In Times Like These…
Some thoughts about current events, human behavior and the viral nature of panic.
I am not an infectious disease expert. I cannot speak with any authority on COVID 19, also known as Coronavirus. Even if I could, I’m quite sure there is nothing more that I could offer to the already-too-loud cacophony of the existing news coverage out there anyway, so I promise not to add to that din here.
What I think I can speak to with some authority is human nature. More specifically, I can speak with more than 35 years of personal experience about the tendency of investors, when put under sudden duress, to do absolutely the wrong thing at the wrong time – unless they have someone they trust reinforcing the principles underpinning their goal-focused investment plan, empathetically refocusing them on their long-term objectives, and patiently but firmly guiding them through whatever crisis it is that’s currently threatening their sense of well-being. That’s the aim of this missive.
As I write this on Friday afternoon February 28th, the S&P 500 has just closed at 2954. In just nine short days, and only seven trading days, it has fallen 439 points and -12.9% from the all-time high of 3393 it set on February 19th. Other major equity indices across the globe have declined by similar margins in this global panic, and the resulting so-called “flight to safety” of billions of dollars reflexively bailing out of stocks has driven the yield on the 10-year U.S. Treasury Bond to the never-before seen level of 1.13%. The sense of fear is palpable, and the headlines, not at all surprisingly, are dire.
Trust me, as investors ourselves, and as human beings, we feel that anxiety. We feel it about our own investment portfolios. More pointedly, we feel it about our client’s portfolios too, because your success is important to us, and because your sense of trust and confidence in us is critical. Without it, we’re lost, so it’s natural that any time that trust and confidence could be threatened we feel anxiety. What we don’t do though, is to act on those emotions. We act instead on principles. We take a patient, long-term view. We build disciplined, broadly diversified portfolios, and we keep a resolute faith, grounded in hard-nosed historical fact, that the future will eventually be better.
To help you keep this current (so far) decline in perspective, the average intra-year decline of the S&P 500 for the last 40 years, according to J.P. Morgan, has been -13.8%. With this one, we’re not even there yet. In other words, painful declines like this in the indices that track the great businesses of the U.S. and the world have happened all the time. In many of those intervening years we’ve experienced declines of a great deal more than what we’re experiencing now. Despite all that soul-shaking volatility, a hypothetical investment of $100,000 made in the S&P 500 in January of 1980 and simply left to compound would have grown to over $8 million by the end of 2019. There is great power in patience, discipline and faith.
Obviously, this could continue for some time. We can’t know for sure. However, if the history above is any guide, and it’s the only guide we have, the biggest risk investors face lies not in stalwartly owning the shares of great companies through thick and thin, but in mistaking perfectly normal volatility for the end of the world and bailing out of them at precisely the wrong time.

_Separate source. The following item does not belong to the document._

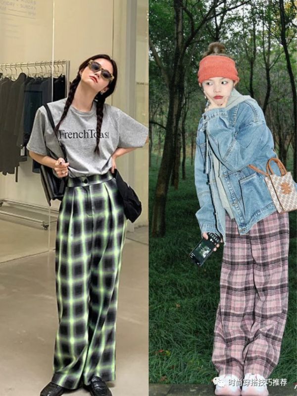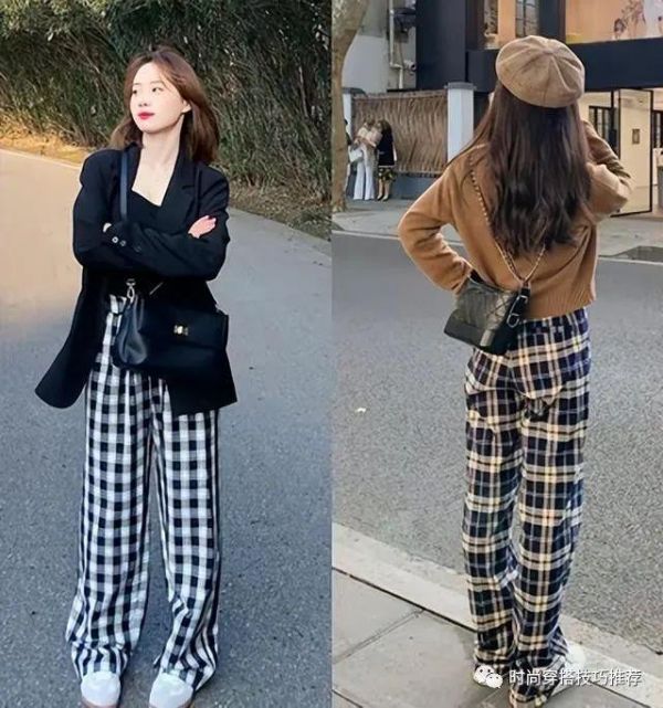 搭配的闊腿格子褲也是修身遮肉的利器,再搭配休閑牛仔夾克、毛衣和各種配飾,體現(xiàn)出精致的搭配感,過于時(shí)尚。

I do not claim to have any idea how far this outbreak will spread, nor how many lives it will claim before it is ultimately brought under control. This is not an attempt to minimize the seriousness of the challenge, nor to dismiss the anxiety and fear people naturally feel at suddenly facing the unknown. Importantly, neither is the sharp sell-off in financial markets this contagion has provoked a reason to “rejoice” as one well-known financial pundit is purported to have opined this week. We – humanity – are now facing a serious challenge. We must face it together, and it’s callous, divisive and arrogant to be reveling in other’s misfortune.
That said, I’m quite certain that many, if not most, of the world’s epidemiologists and virologists are working on this challenge right now. I firmly believe that their efforts will ultimately succeed. It’s worth pointing out that the present-day inter-connectedness of countries and cultures that has helped to facilitate the rapid spread of this disease throughout the globe has also provided scientists and medical professionals around the world with an unprecedented level of real-time, high-tech information-sharing.
Clearly, this is nothing more (or less) than my personal statement of faith in the future, but if the history of similar outbreaks in the 21st century is any guide, this would seem to be a reasonable hypothesis. As evidence I’d point you towards:
SARS in 2003-2004, which also originated in China
The bird flu epidemic in 2005-2006
A new strain of swine flu in 2009
The Ebola outbreak in the autumn of 2014
The Zika virus outbreak in 2016-2017
Seventeen years ago, on January 31, 2003, the super-spreader of SARS checked into a hospital in Guangzhou, basically infecting the entire staff. The epidemic exploded from there. On that first day of the litany of epidemics listed above, the S&P 500 closed at 855.70.
Today, in the dark miasma of the current unpleasantness, seventeen years and now six epidemics later (including this one) the index is close to three and a half times higher – not including any reinvested dividends.
Keep the faith. All is not lost. Human ingenuity is alive and well.